Task data Start Marker

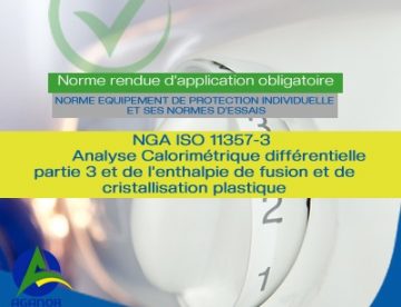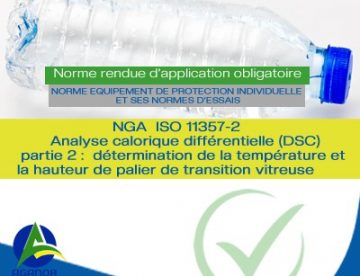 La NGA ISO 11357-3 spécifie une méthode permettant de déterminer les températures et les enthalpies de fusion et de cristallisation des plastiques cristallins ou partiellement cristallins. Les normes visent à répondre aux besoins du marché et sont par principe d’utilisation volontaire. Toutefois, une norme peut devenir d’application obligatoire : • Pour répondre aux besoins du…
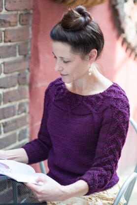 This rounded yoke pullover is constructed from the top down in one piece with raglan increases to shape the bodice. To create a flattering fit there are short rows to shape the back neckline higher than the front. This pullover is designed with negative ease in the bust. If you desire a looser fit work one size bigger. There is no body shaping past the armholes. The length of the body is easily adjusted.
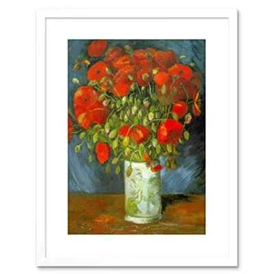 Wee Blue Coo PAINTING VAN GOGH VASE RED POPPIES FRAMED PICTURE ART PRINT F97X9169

Task data End Marker
Task data Start Marker

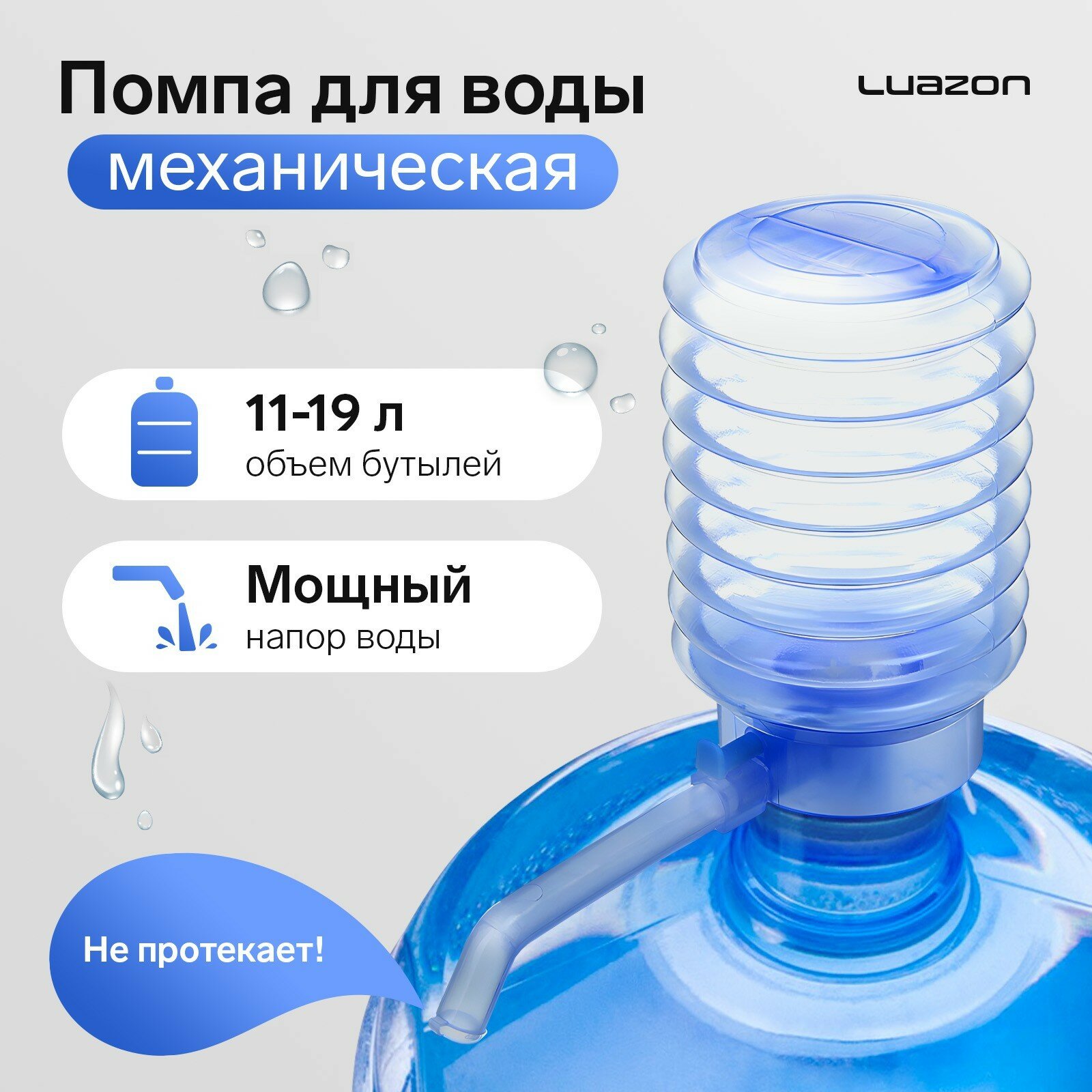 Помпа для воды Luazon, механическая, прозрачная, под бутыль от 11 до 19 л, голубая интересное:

Task data End Marker

• Exercise directions
Reproduce exactly, with no pictures, the lines above from the one holding "This rounded yoke" to the one holding "Wee Blue Coo", inclusive.

• Result of the exercise
 This rounded yoke pullover is constructed from the top down in one piece with raglan increases to shape the bodice. To create a flattering fit there are short rows to shape the back neckline higher than the front. This pullover is designed with negative ease in the bust. If you desire a looser fit work one size bigger. There is no body shaping past the armholes. The length of the body is easily adjusted.
 Wee Blue Coo PAINTING VAN GOGH VASE RED POPPIES FRAMED PICTURE ART PRINT F97X9169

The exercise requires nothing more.